▶ **DIRECTIONS FOR THIS TASK**: Could you restate word for word each line from the top of the listing below through the line containing "49% | 4.9/5 | 9 |"? Keep the pictures out.

------

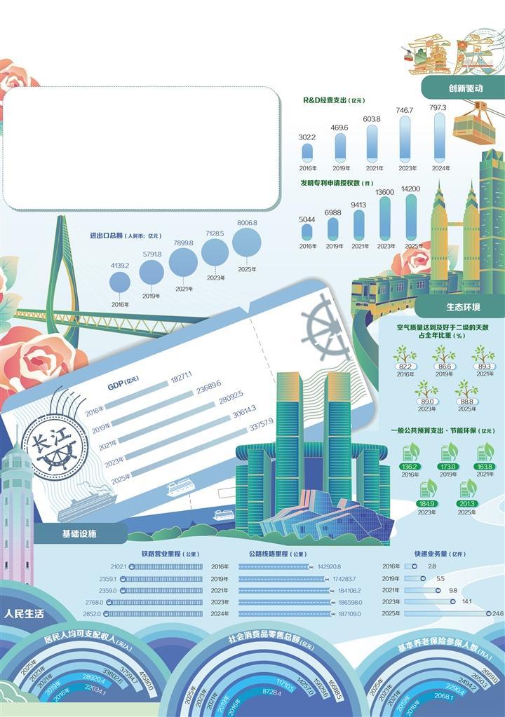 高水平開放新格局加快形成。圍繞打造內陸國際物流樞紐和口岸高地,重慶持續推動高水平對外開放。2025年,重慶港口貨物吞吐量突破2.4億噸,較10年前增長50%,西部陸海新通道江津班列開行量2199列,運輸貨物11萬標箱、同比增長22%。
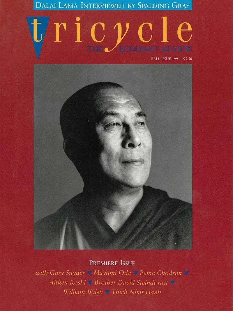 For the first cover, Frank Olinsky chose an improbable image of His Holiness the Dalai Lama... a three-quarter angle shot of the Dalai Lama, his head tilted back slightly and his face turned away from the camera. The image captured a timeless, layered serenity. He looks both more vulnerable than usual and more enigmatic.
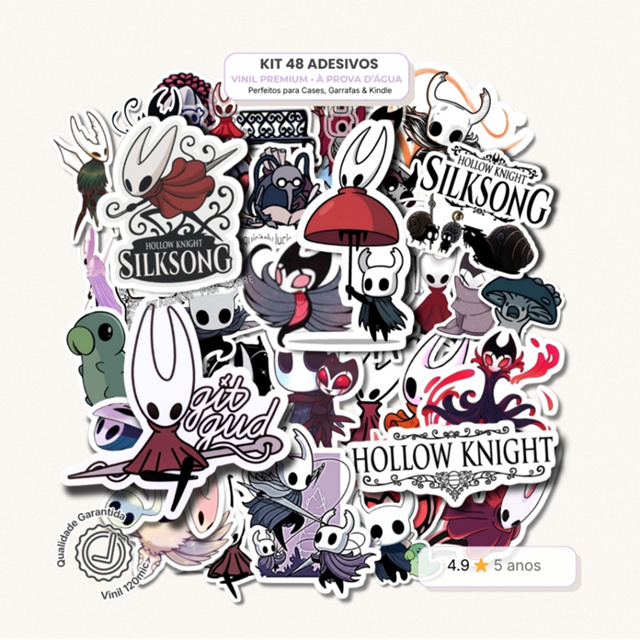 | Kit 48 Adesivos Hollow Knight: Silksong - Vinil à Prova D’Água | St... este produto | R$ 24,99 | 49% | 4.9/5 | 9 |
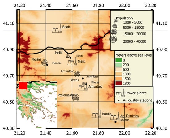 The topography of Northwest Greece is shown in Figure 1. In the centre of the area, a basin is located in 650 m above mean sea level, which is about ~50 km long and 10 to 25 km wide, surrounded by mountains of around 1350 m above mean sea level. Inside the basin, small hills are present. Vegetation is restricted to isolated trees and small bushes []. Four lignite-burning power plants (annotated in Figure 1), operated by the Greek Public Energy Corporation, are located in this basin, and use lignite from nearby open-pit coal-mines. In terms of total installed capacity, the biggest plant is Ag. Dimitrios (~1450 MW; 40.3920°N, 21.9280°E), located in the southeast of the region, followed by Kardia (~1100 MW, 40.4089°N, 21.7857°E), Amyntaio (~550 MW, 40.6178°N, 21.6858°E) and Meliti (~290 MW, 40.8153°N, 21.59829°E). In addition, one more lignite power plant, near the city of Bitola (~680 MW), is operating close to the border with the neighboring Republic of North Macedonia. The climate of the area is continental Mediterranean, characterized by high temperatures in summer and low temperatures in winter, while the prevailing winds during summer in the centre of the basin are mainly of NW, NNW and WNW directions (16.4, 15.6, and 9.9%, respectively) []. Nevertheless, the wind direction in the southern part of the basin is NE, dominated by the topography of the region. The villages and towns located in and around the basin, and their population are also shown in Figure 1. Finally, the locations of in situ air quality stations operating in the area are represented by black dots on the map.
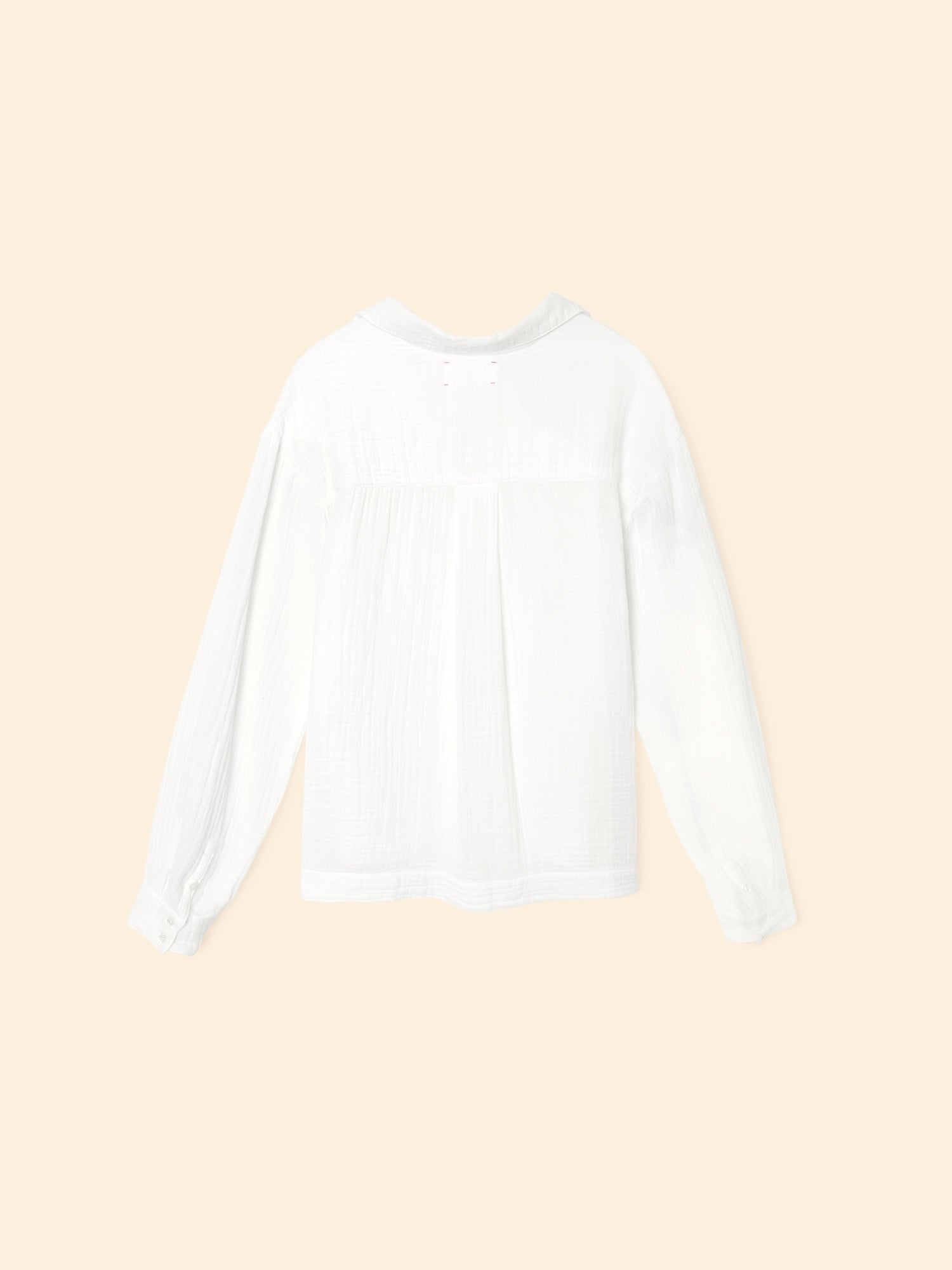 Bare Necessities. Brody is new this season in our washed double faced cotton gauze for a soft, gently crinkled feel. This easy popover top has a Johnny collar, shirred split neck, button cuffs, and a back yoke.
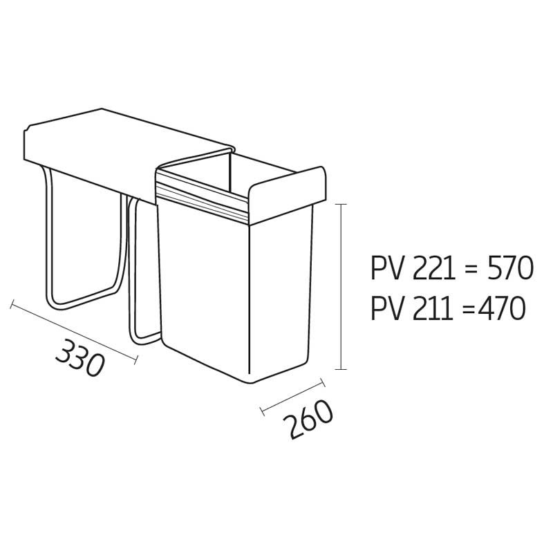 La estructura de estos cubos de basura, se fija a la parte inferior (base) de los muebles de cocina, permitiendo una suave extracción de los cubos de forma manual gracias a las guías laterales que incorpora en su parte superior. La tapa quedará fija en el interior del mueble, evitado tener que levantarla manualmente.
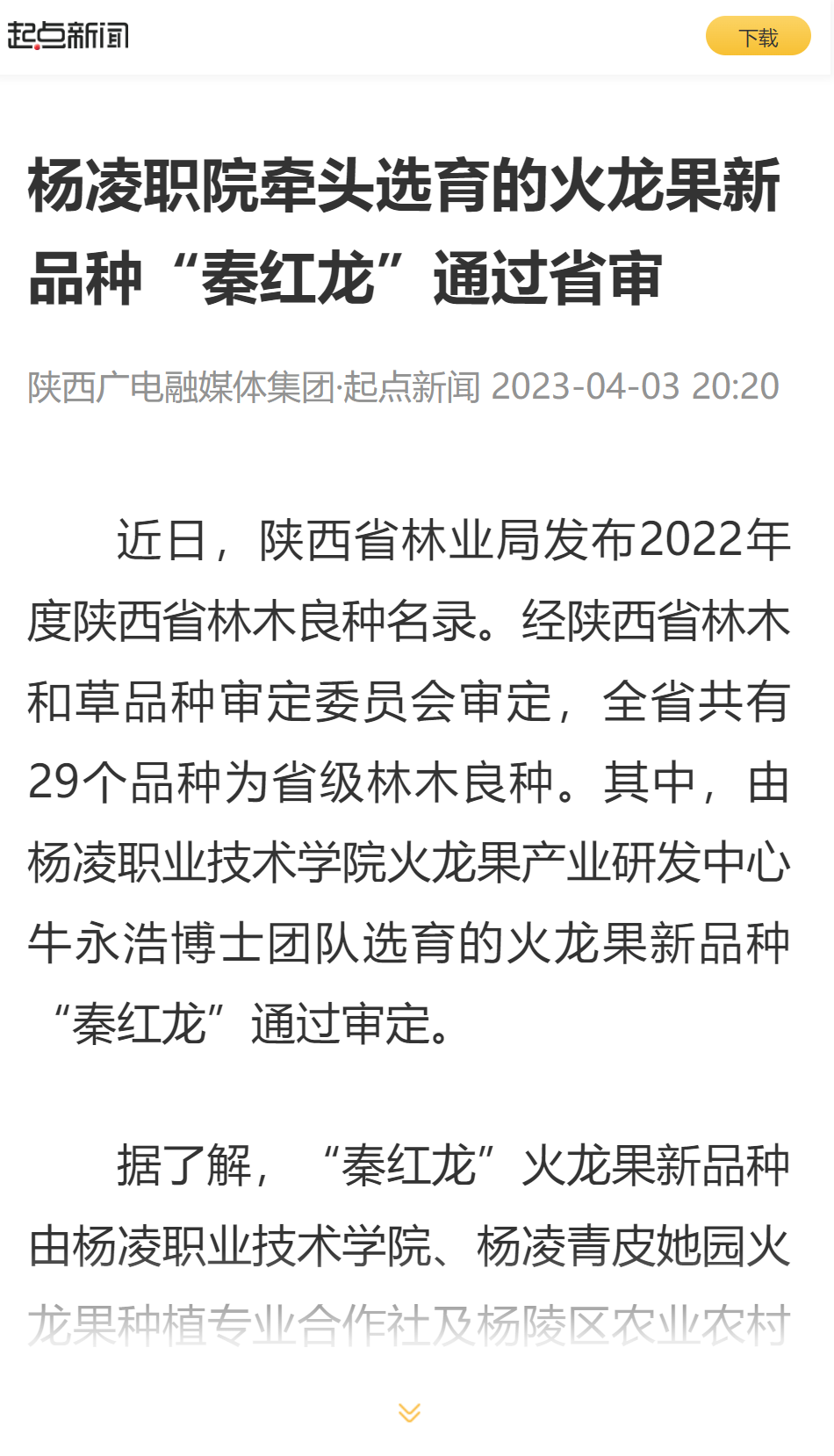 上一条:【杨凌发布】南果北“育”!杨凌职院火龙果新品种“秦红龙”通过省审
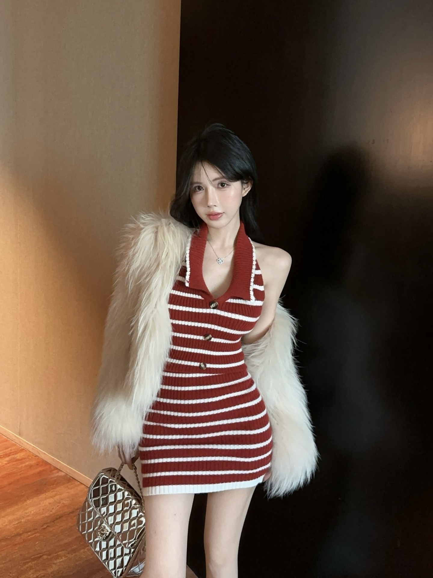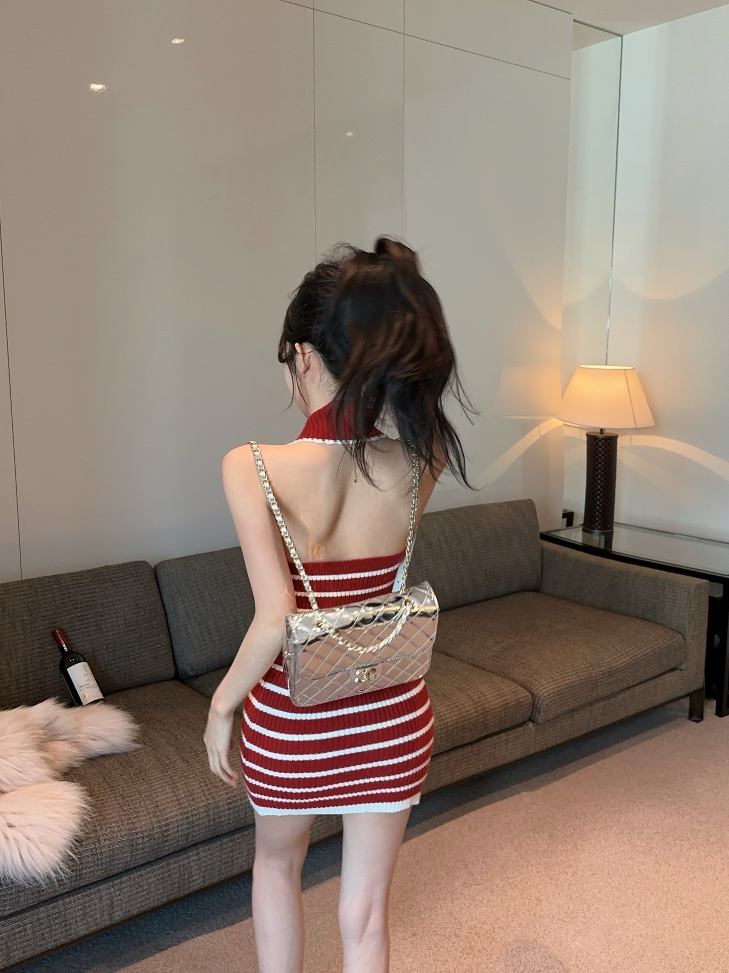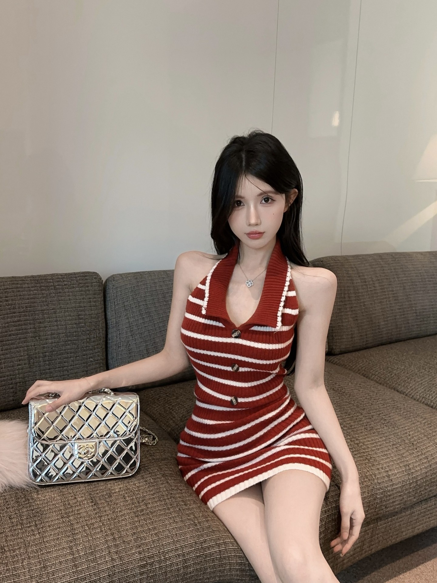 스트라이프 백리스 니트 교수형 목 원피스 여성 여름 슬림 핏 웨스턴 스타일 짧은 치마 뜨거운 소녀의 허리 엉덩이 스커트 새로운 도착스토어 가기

------

▶ **WRITTEN REPLY**:
 高水平開放新格局加快形成。圍繞打造內陸國際物流樞紐和口岸高地,重慶持續推動高水平對外開放。2025年,重慶港口貨物吞吐量突破2.4億噸,較10年前增長50%,西部陸海新通道江津班列開行量2199列,運輸貨物11萬標箱、同比增長22%。
 For the first cover, Frank Olinsky chose an improbable image of His Holiness the Dalai Lama... a three-quarter angle shot of the Dalai Lama, his head tilted back slightly and his face turned away from the camera. The image captured a timeless, layered serenity. He looks both more vulnerable than usual and more enigmatic.
 | Kit 48 Adesivos Hollow Knight: Silksong - Vinil à Prova D’Água | St... este produto | R$ 24,99 | 49% | 4.9/5 | 9 |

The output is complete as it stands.